Kutak, Rock & Huie, Terrence L. Croft, C. Wilson DuBose, John R. Lowery, Atlanta, Ga., for defendant-appellee.
Appeal from the United States District Court for the Northern District of Georgia.
Before GOLDBERG, CHARLES CLARK and THOMAS A. CLARK, Circuit Judges.
CHARLES CLARK, Circuit Judge:
Just having Georgia on my mind is not enough to bring me within reach of the Georgia long-arm statute, argues Baskin-Robbins Ice Cream Company ("Baskin-Robbins"), a licensor of ice cream products. The district court agreed and granted Baskin-Robbins' 12(b)(2) motion to dismiss this claim by Gold Kist Inc., for Baskin-Robbins' alleged failure to accept delivery under its contract of 75,750 pounds of Georgia pecans.

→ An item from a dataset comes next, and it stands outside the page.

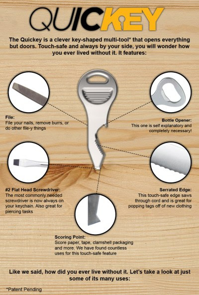 Hawker is back with his latest clever invention and rather than selling it to a distributor he’s doing it all himself. The product, called the Quickey, is basically an all-in-one utility key with a little saw, bottle opener, scraper, screwdriver, and knife that lets you do things around the house.

We find that Baskin-Robbins' activities in Georgia consisted of more than mere mental processes, that the district court erroneously interpreted the statute, and that the exercise of jurisdiction over Baskin-Robbins does not offend due process. We therefore reverse and remand.

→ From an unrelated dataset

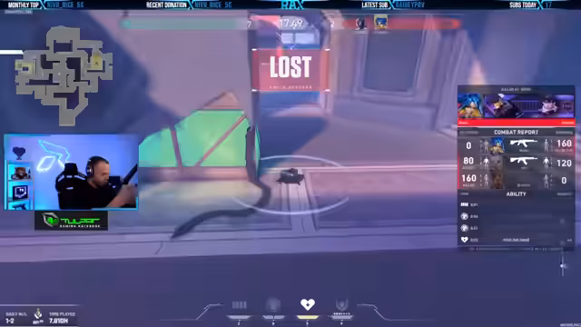 01:56:47Der Streamer äußert massive Frustration über die langen Wartezeiten auf Gegner. Im angespielten Spiel verdächtigt er einen gegnerischen Jett des Cheatings, da dieser auffällig präzise agiert und verdächtige Bewegungen zeigt. Dies unterstreicht die allgemeine Verärgerung über die Qualität des Matchmakings.

Gold Kist Inc., is a farmers' cooperative association incorporated and existing under the Cooperative Marketing Act of the State of Georgia, with its principal place of business in Atlanta, Georgia. Baskin-Robbins is a Delaware corporation with its principal place of business in Burbank, California. In 1975 Baskin-Robbins was considering using Gold Kist as a supplier of pecans. Norman J. Klipfel, Baskin-Robbins' Vice President of Production Resources, and Tomah Bill Williams, National Production Manager, traveled to Gold Kist's pecan processing plant in Waycross, Georgia, to determine whether that plant met Baskin-Robbins' requirements with regard to sanitation, quality control, and processing methods, and in other respects. Ernie Sharp, a consultant to Baskin-Robbins, and Richard E. Kelm of Sullivan Sales, Inc., a food broker for Gold Kist, accompanied Klipfel and Williams on their inspection visit. Klipfel and Williams inspected the plant in the morning and discussed with Rick Bronaugh, Gold Kist's plant manager, and James M. Smith, Pecan Division Sales Manager, the quantities and sizes of pecans that Gold Kist could supply Baskin-Robbins. They also talked about the changes that Gold Kist would have to make in its plant before Baskin-Robbins would approve Gold Kist as a supplier of pecans. While Klipfel and Williams were at Gold Kist's Waycross plant, Smith agreed on behalf of Gold Kist to make the requested changes.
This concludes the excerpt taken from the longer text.